YOUR INSTRUCTIONS:
Starting with the line that has "Junto a la reja" in the records below and stopping after the line that has "EVERPURE Sul-pure Acne", output every line exactly and nothing else; skip pictures.

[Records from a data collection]
[Start of Attachment]

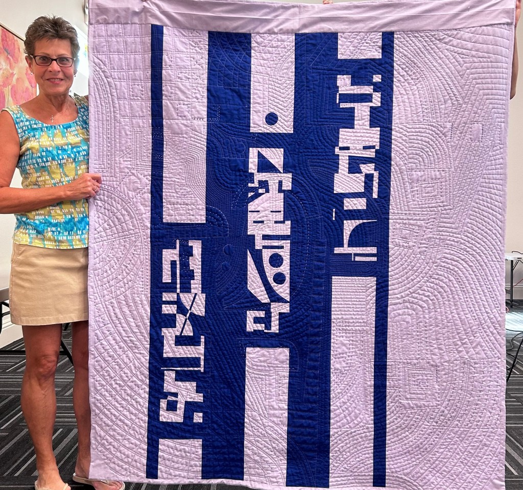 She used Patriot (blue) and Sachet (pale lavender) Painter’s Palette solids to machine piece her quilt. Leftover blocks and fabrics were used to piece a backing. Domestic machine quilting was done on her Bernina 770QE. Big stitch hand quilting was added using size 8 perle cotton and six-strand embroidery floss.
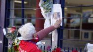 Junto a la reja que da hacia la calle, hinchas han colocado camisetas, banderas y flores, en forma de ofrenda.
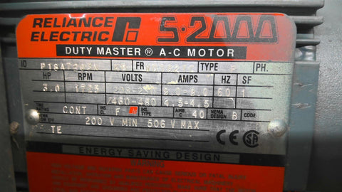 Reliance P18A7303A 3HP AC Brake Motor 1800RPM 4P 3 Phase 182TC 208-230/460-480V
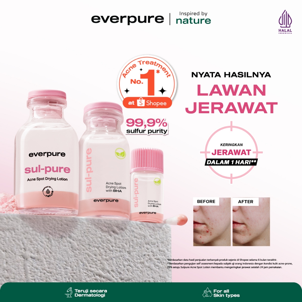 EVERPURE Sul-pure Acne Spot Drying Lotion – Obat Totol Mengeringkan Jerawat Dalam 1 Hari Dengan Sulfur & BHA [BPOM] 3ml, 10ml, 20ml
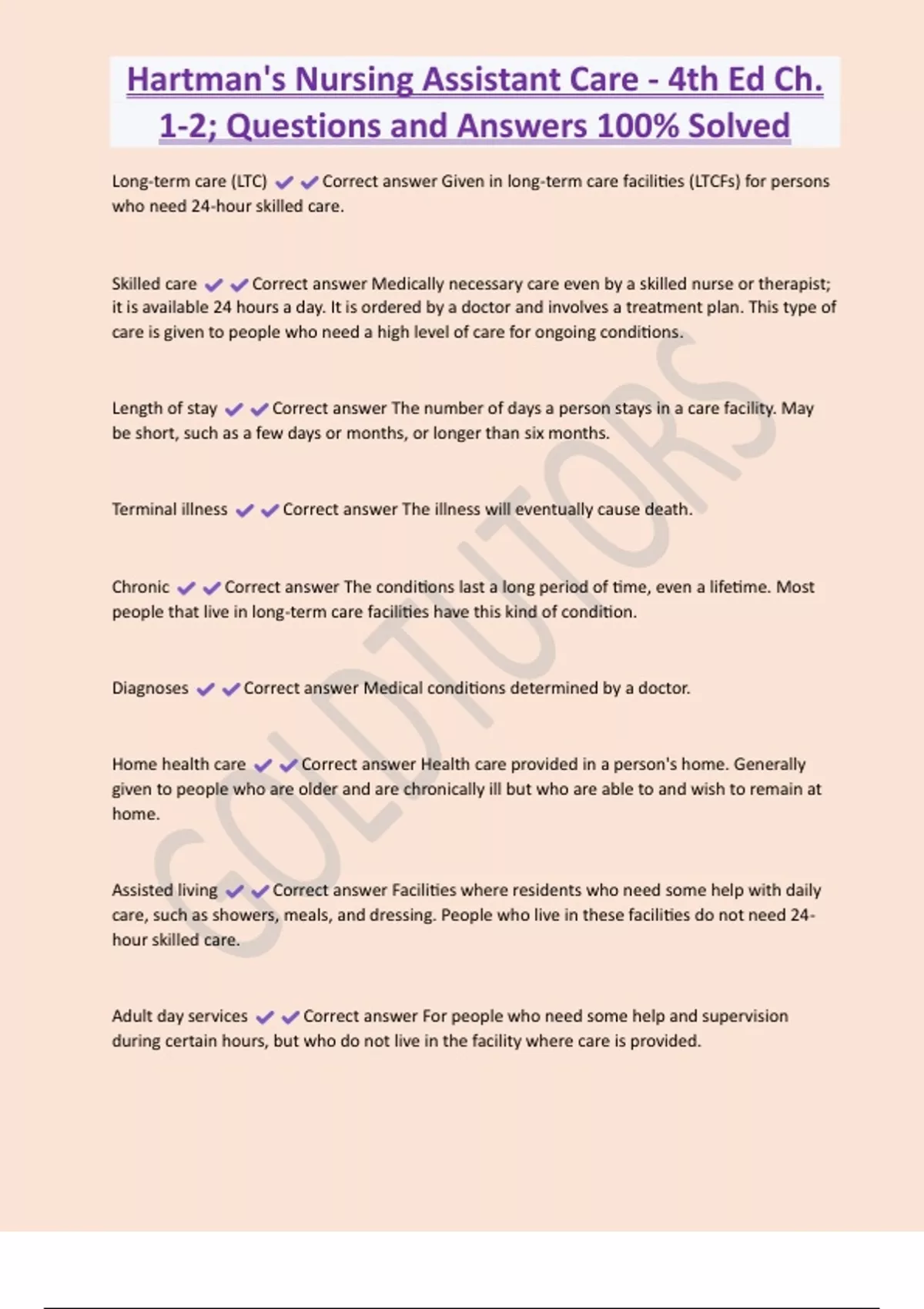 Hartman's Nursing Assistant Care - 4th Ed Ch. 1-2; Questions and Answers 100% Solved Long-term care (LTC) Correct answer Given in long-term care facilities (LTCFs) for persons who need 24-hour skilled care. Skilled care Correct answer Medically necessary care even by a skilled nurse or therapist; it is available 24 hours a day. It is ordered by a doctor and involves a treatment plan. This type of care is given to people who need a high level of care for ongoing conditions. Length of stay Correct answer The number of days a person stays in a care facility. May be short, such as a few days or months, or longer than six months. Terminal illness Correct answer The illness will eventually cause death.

[End of Attachment]

FINAL ANSWER:
 Junto a la reja que da hacia la calle, hinchas han colocado camisetas, banderas y flores, en forma de ofrenda.
 Reliance P18A7303A 3HP AC Brake Motor 1800RPM 4P 3 Phase 182TC 208-230/460-480V
 EVERPURE Sul-pure Acne Spot Drying Lotion – Obat Totol Mengeringkan Jerawat Dalam 1 Hari Dengan Sulfur & BHA [BPOM] 3ml, 10ml, 20ml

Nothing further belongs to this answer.